Il y en a, des voix, dans "Moutoufs" : récits entremêlés, paroles incarnées, interprétations détournées, doutes assumés. Et tous ces fils à démêler... Qui est-on quand on ne parle pas la langue de son père ? Que transmet-on à ses propres enfants de leurs racines plurielles ? Que privilégier pour construire une identité ? Qu’est-ce qu’on laisse se délaver ?

"Je suis un bébé ouananiche égaré", chantent-ils, paraphrasant Dick Annegarn.
© Alexandre Drouet

"Moutoufs" : c’est comme ça qu’on les appelait, dans la cour de récré, parmi d’autres noms. Une appellation qui leur aurait convenu, c’est "ouananiche", le petit égaré, désignant une espèce de saumon qui renonce à remonter la rivière, et qu’ils détourneront en chanson à la façon de Dick Annegarn.

S’il y a des maladresses, quelques longueurs, voire un peu trop de clichés - fût-ce afin de les dénoncer - dans leur démarche, Othmane Moumen, Hakim Louk’man, Myriem Akheddiou, Monia Douieb et Jasmina Douieb (qui signe la mise en scène) réussissent à transmettre dans cet objet finement tissé ce qui fait un lien, un chemin, une histoire : de l’intime des détails aux grands traits d’une génération, des adhésions aux renoncements. 

Jusqu’à la liberté d’inventer qui l’on est.
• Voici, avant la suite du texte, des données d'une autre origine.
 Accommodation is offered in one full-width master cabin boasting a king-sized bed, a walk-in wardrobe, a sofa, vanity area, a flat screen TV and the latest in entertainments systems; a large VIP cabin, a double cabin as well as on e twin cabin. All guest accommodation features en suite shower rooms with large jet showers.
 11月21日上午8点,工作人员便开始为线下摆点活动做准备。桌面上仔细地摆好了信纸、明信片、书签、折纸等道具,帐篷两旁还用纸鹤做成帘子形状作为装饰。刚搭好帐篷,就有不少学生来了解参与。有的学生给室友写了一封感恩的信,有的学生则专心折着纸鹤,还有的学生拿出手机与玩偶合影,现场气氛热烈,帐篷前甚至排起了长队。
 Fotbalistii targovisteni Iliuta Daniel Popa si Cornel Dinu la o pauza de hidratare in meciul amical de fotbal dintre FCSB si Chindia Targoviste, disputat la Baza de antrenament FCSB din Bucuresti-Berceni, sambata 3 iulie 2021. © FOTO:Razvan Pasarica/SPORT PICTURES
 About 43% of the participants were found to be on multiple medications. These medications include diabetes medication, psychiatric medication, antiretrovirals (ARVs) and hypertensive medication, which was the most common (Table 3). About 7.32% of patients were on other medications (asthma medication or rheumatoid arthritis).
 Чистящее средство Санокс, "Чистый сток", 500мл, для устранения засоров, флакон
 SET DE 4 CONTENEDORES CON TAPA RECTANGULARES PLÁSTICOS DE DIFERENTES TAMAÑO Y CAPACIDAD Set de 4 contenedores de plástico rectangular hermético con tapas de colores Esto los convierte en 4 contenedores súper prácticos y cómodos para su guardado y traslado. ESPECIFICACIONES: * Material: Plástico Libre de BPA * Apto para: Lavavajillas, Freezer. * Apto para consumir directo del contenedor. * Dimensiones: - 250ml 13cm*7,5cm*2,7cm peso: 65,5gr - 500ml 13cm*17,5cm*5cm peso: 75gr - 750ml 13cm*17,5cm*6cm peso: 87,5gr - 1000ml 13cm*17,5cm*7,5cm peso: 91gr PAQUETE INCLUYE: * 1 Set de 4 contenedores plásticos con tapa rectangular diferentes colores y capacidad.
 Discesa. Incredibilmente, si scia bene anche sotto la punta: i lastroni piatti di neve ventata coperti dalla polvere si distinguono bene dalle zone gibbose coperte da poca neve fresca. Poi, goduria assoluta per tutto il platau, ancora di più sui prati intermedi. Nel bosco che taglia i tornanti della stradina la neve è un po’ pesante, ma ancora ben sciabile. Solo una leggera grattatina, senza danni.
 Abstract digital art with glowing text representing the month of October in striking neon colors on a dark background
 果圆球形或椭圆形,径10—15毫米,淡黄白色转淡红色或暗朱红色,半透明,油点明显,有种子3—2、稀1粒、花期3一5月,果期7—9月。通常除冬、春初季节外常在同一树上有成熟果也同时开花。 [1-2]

Même "musulman et artiste". Ce qui, aujourd’hui, est "encore plus antisystème que les passages en télé de Gainsbourg dans les années 80".

© Alexandre Drouet

  • Liège, Théâtre (salle de l’Œil vert), jusqu’au 20 janvier, à 20h (mercredi et samedi à 19h). Durée : 1h40. Infos & rés. : 04.342.00.00, www.theatredeliege.be 
  • Ensuite au Théâtre de La Louvière du 22 au 24 (064.21.51.21), à la Maison de la culture de Marche-en-Famenne les 25 et 26 (084.31.46.89), à la Maison de la culture de Tournai du 29 janvier au 1er février (069.25.30.80). 
  • Et à Bruxelles, le Public, du 22 février au 24 mars. Tél. 0800.944.44.